TensorRT ( C++ ) inference strange behavior on Jetson AGX Xavier

I developed 2 distinct models, for 2 use cases, to analyzed some vibration patterns: one of them when system is turn on and second when system is shut down (so there are no any vibration detected )
The entire training process uses TensorFlow 2.7.0 (an auto encoder in python) to create .h5 models, which are converted to .onnx models files and then to .engine files for the Jetson platform (Jetson AGX Xavier CUDA ).

Jetson AGX Xavier specs:
cuda: 11.4.315
cuDNN: 8.6.0
tensorRT: 8.5.2.2
jetpack: 5.1.3
python3 -c “import tensorflow as tf; print(‘TensorFlow version:’, tf.version)”
TensorFlow version: 2.11.0

Auto encoder trainig script in python ( sample) :

input_img = tf.keras.layers.Input(shape=(2000, lines))

  # Encoder
  x = tf.keras.layers.Conv1D(12, 128, padding='same')(input_img)
  x = tf.keras.layers.MaxPooling1D(4)(x)  # Downsample: 2000 -> 500

  x = tf.keras.layers.Conv1D(12, 64, padding='same')(x)
  x = tf.keras.layers.MaxPooling1D(2)(x)  # Downsample: 500 -> 250

  x = tf.keras.layers.Conv1D(12, 16, padding='same')(x)
  x = tf.keras.layers.MaxPooling1D(2)(x)  # Downsample: 250 -> 125

  # Bottleneck
  x = tf.keras.layers.Flatten()(x)
  x = tf.keras.layers.Dense(self.__config['MODEL']['ENCODED_STATE_SIZE'])(x)

  # Decoder
  x = tf.keras.layers.Dense(125 * 12)(x)  # Expand to match last encoder feature size
  x = tf.keras.layers.Reshape((125, 12))(x)

  x = tf.keras.layers.UpSampling1D(2)(x)  # Upsample: 125 -> 250
  x = tf.keras.layers.Conv1D(12, 16, padding='same')(x)

  x = tf.keras.layers.UpSampling1D(2)(x)  # Upsample: 250 -> 500
  x = tf.keras.layers.Conv1D(12, 64, padding='same')(x)

  x = tf.keras.layers.UpSampling1D(4)(x)  # Upsample: 500 -> 2000
  x = tf.keras.layers.Conv1D(lines, 128, padding='same')(x)  # Correct Final Layer

  # Model definition
  self.__model = tf.keras.models.Model(input_img, x)
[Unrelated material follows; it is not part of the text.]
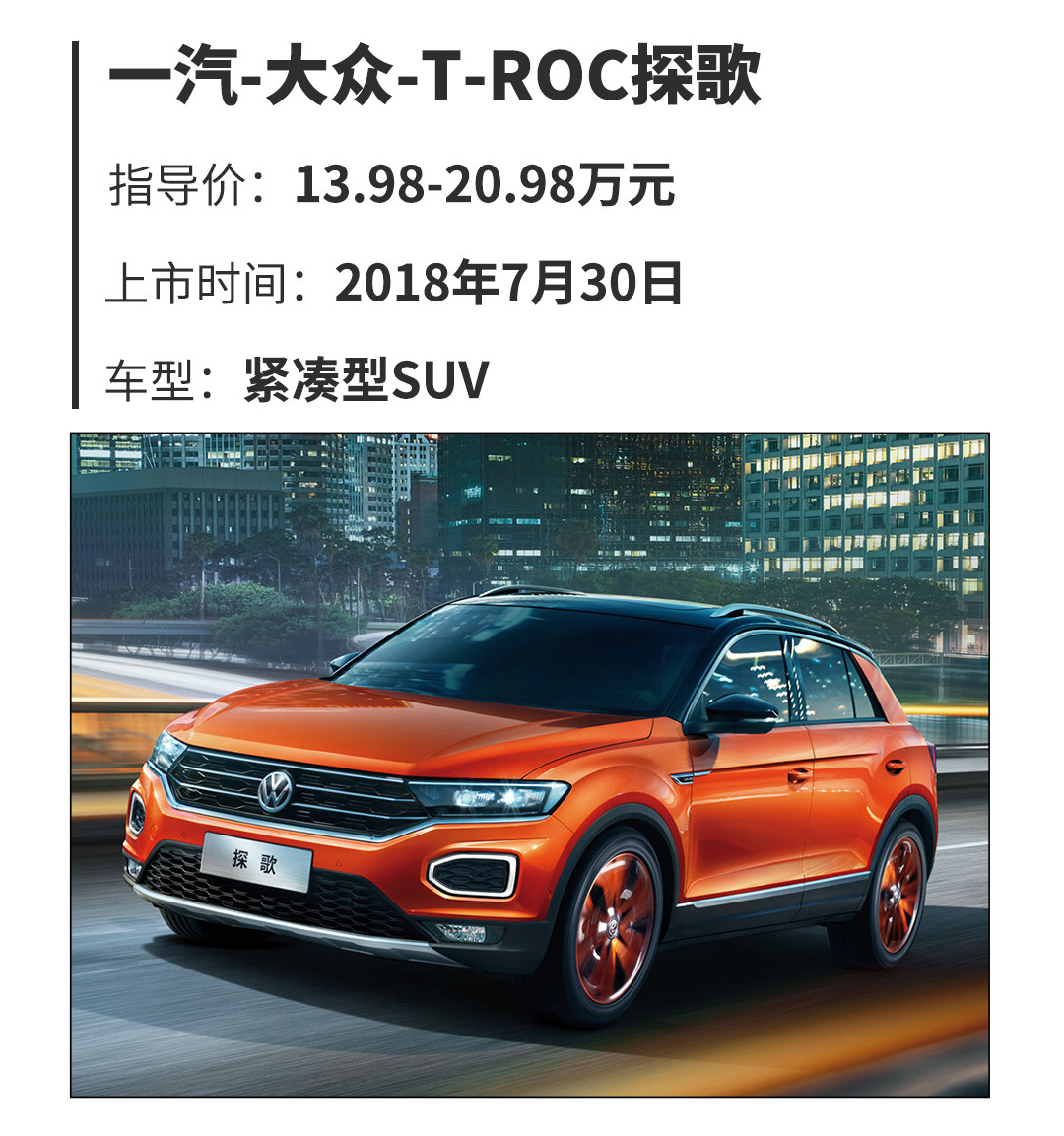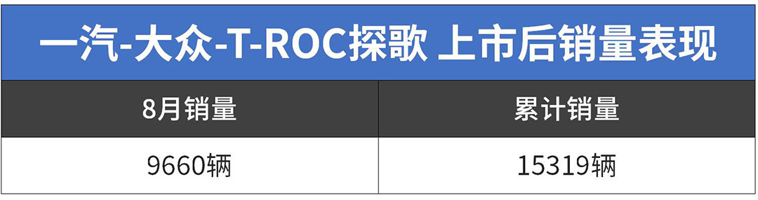 上市后的表现 :7月底才正式,8月单月的销量已经达到9660辆,而累积销量更是破1.5万,这可以说明正式上市前已经有不少人预售了,而且7月中旬上市的T-ROC探歌限量版也是颇受欢迎。一汽大众的首款SUV车型,注定少不了跟随者的步伐。上市1个月就成功地成为大众卖得第二好的SUV,真的不得不佩服“大众光环”。

It doesn’t matter which model I use, inference result values are the SAME, exactly the same values, as if the neural network learned nothing…
You can see below 2 comparative charts with the inference values

Don’t assume that the data might be corrupted, I have collected enough data to train for both cases and I’ve checked their validity

The confusing part is that inference works in python, using TensorFlow 2.7.0 with GPU, an Ubuntu Focal x86_64…I mean, I saw different values between 2 charts

In Jetson I’ve made a py script to convert .h5 model file into .onnx and then into .engine format:

import tf2onnx
import tensorflow as tf
import argparse
import subprocess


def convert_h5_to_onnx(h5_model_path, onnx_model_path):
    print("Converting .h5 model to ONNX...")

    model = tf.keras.models.load_model(h5_model_path)

    model_proto, _ = tf2onnx.convert.from_keras(model, opset=13)
    
    with open(onnx_model_path, "wb") as f:
        f.write(model_proto.SerializeToString())
    
    print(f"ONNX model saved at {onnx_model_path}")

def convert_onnx_to_trt(onnx_model_path, engine_model_path, trt_precision_mode):
    print("Converting ONNX model to TensorRT Engine...")

    fp_precision_flag = '--fp16' if trt_precision_mode.upper() == 'FP16' else ''
    
    trtexec_path = "/usr/src/tensorrt/bin/trtexec"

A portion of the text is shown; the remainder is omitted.